Expected behavior It looks like cutlass' python wrapper expects all H100 machines to want to run with CUDA 12+. I see, for instance, the following:

https://github.com/NVIDIA/cutlass/blob/3a8c01a18b24c35b216922481ac762496720a99d/python/cutlass/emit/pytorch.py#L691-L694

But that isn't necessarily the case.

thakkarV commented 2 months ago

@jackkosaian

jackkosaian commented 2 months ago

Thanks for reporting this. I was able to reproduce this locally and resolve it with the following patch. Would you be willing to try this out?

diff --git a/python/cutlass/__init__.py b/python/cutlass/__init__.py
index dfc9b405..6b6130c4 100644
--- a/python/cutlass/__init__.py
+++ b/python/cutlass/__init__.py
@@ -57,6 +57,19 @@ CUTLASS_PATH = os.getenv("CUTLASS_PATH", cutlass_library.source_path)
 # Alias CUTLASS_PATH as source_path
 source_path = CUTLASS_PATH

+_NVCC_VERSION = None
+def nvcc_version():
+    global _NVCC_VERSION
+    if _NVCC_VERSION is None:
+        import subprocess
+
+        # Attempt to get NVCC version
+        result = subprocess.run(['nvcc', '--version'], capture_output=True)
+        if result.returncode != 0:
+            raise Exception('Unable to run `nvcc --version')
+        _NVCC_VERSION = str(result.stdout).split(" release ")[-1].split(",")[0]
+    return _NVCC_VERSION
+
 _CUDA_INSTALL_PATH = None
 def cuda_install_path():
     """
diff --git a/python/cutlass/backend/compiler.py b/python/cutlass/backend/compiler.py
index f52b1818..f08c1184 100644
--- a/python/cutlass/backend/compiler.py
+++ b/python/cutlass/backend/compiler.py
@@ -90,7 +90,7 @@ class CompilationOptions:
             opts.append(f"--include-path={incl}")

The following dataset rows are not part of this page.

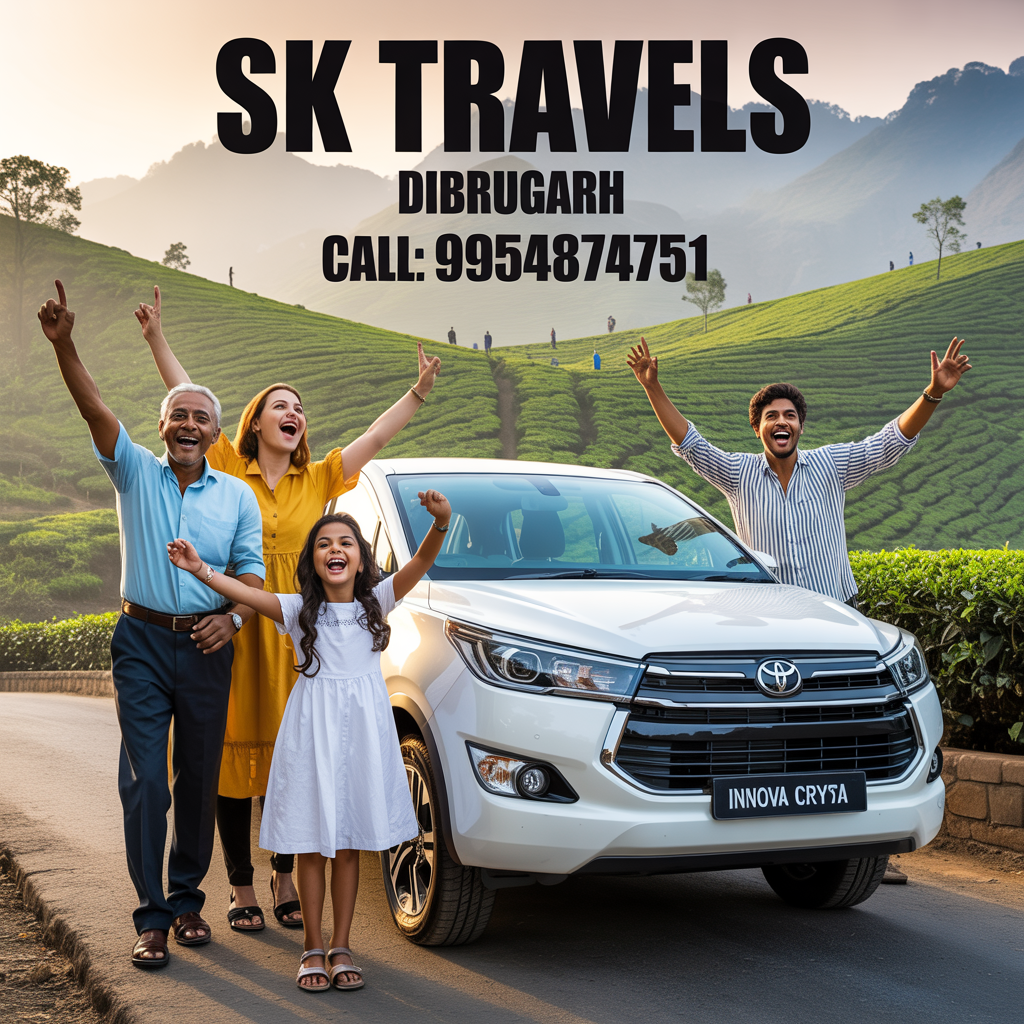 SK Travels Dibrugarh is a trusted travel service provider based in Dibrugarh, Assam. We offer comfortable, affordable, and reliable travel solutions for individuals, families, and corporate clients. Our goal is to make your journey safe, smooth, and memorable with professional service and well-maintained vehicles.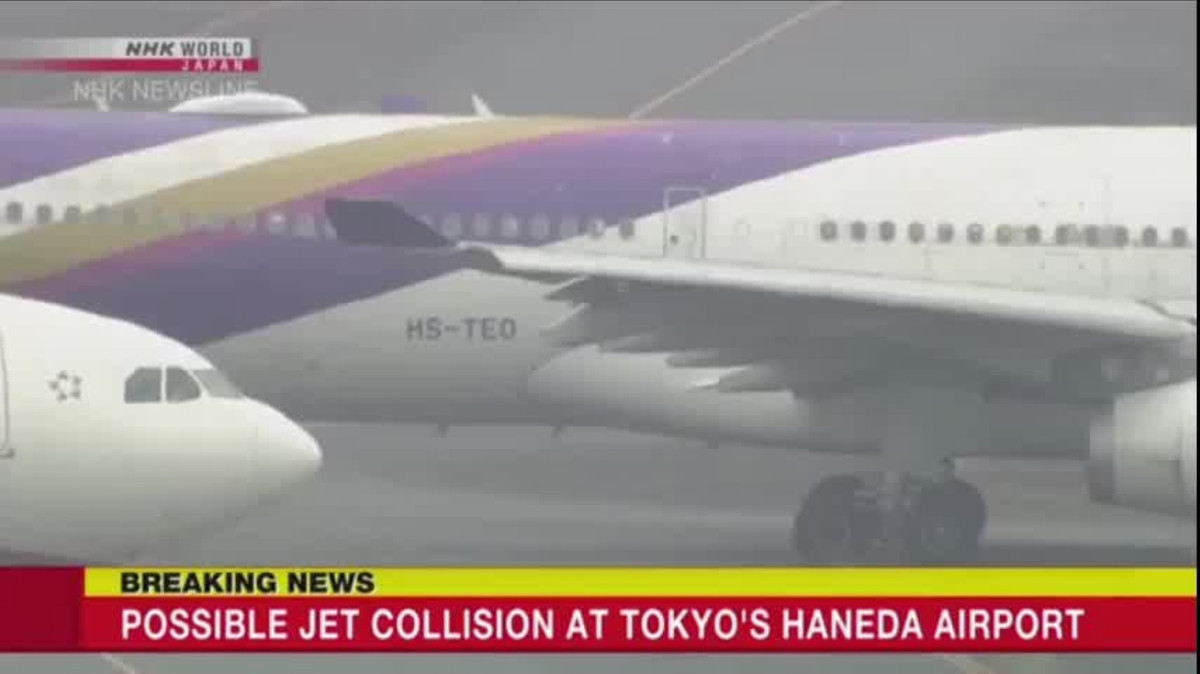 Hình ảnh do đài NHK ghi lại cho thấy, máy bay của EVA Air và Thai Airways ở trên đường băng. Một phần cánh của máy bay Thai Airways dường như bị gãy và rơi xuống gần đường băng.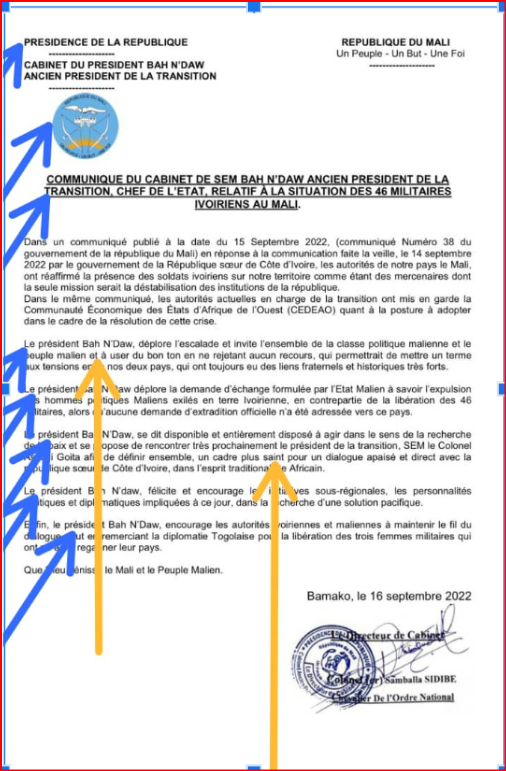 Dans un mail échangé avec DjéliCheck, le service de communication de la Présidence du Mali a aussi démenti le message. « Ce document est un fake. Le cabinet de l’ex président de la transition Bah N’daw, ne peut utiliser l’emblème du Mali », a affirmé le service de communication de la présidence de la République du Mali.

         arch_flag = f"-arch=sm_{self.arch}"
-        if self.arch == 90:
+        if self.arch == 90 and int(cutlass.nvcc_version().split('.')[0]) >= 12:
             arch_flag += "a"
         opts.append(arch_flag)

diff --git a/python/cutlass/library_defaults.py b/python/cutlass/library_defaults.py
index 7c16cc68..2a02f61c 100644
--- a/python/cutlass/library_defaults.py
+++ b/python/cutlass/library_defaults.py
@@ -51,6 +51,20 @@ _generator_ccs = [50, 60, 61, 70, 75, 80, 90]
 # Strip any additional information from the CUDA version
 _cuda_version = __version__.split("rc")[0]

+# Check that Python CUDA version exceeds NVCC version
+_nvcc_version = cutlass.nvcc_version()
+_cuda_list = _cuda_version.split('.')
+_nvcc_list = _cuda_version.split('.')
+for val_cuda, val_nvcc in zip(_cuda_list, _nvcc_list):
+    if int(val_cuda) < int(val_nvcc):
+        raise Exception(f"Python CUDA version of {_cuda_version} must be greater than or equal to NVCC version of {_nvcc_version}")
+
+if len(_nvcc_list) > len(_cuda_list):
+    if len(_nvcc_list) != len(_cuda_list) + 1:
+        raise Exception(f"Malformatted NVCC version of {_nvcc_version}")
+    if _nvcc_list[:-1] == _cuda_list and int(_nvcc_list[-1]) != 0:
+        raise Exception(f"Python CUDA version of {_cuda_version} must be greater than or equal to NVCC version of {_nvcc_version}")
+

 class KernelsForDataType:
     """
@@ -278,7 +292,7 @@ class ArchOptions:
         ]
         manifest_args = cutlass_library.generator.define_parser().parse_args(args)
         manifest = cutlass_library.manifest.Manifest(manifest_args)
-        generate_function(manifest, _cuda_version)
+        generate_function(manifest, _nvcc_version)

         if operation_kind not in manifest.operations:
             # No kernels generated for this architecture, this could be because the CUDA
joerowell commented 2 months ago

Hi: thanks for the diff. I can confirm that it fixes the issue on my side.

github-actions[bot] commented 1 month ago

This issue has been labeled inactive-30d due to no recent activity in the past 30 days. Please close this issue if no further response or action is needed. Otherwise, please respond with a comment indicating any updates or changes to the original issue and/or confirm this issue still needs to be addressed. This issue will be labeled inactive-90d if there is no activity in the next 60 days.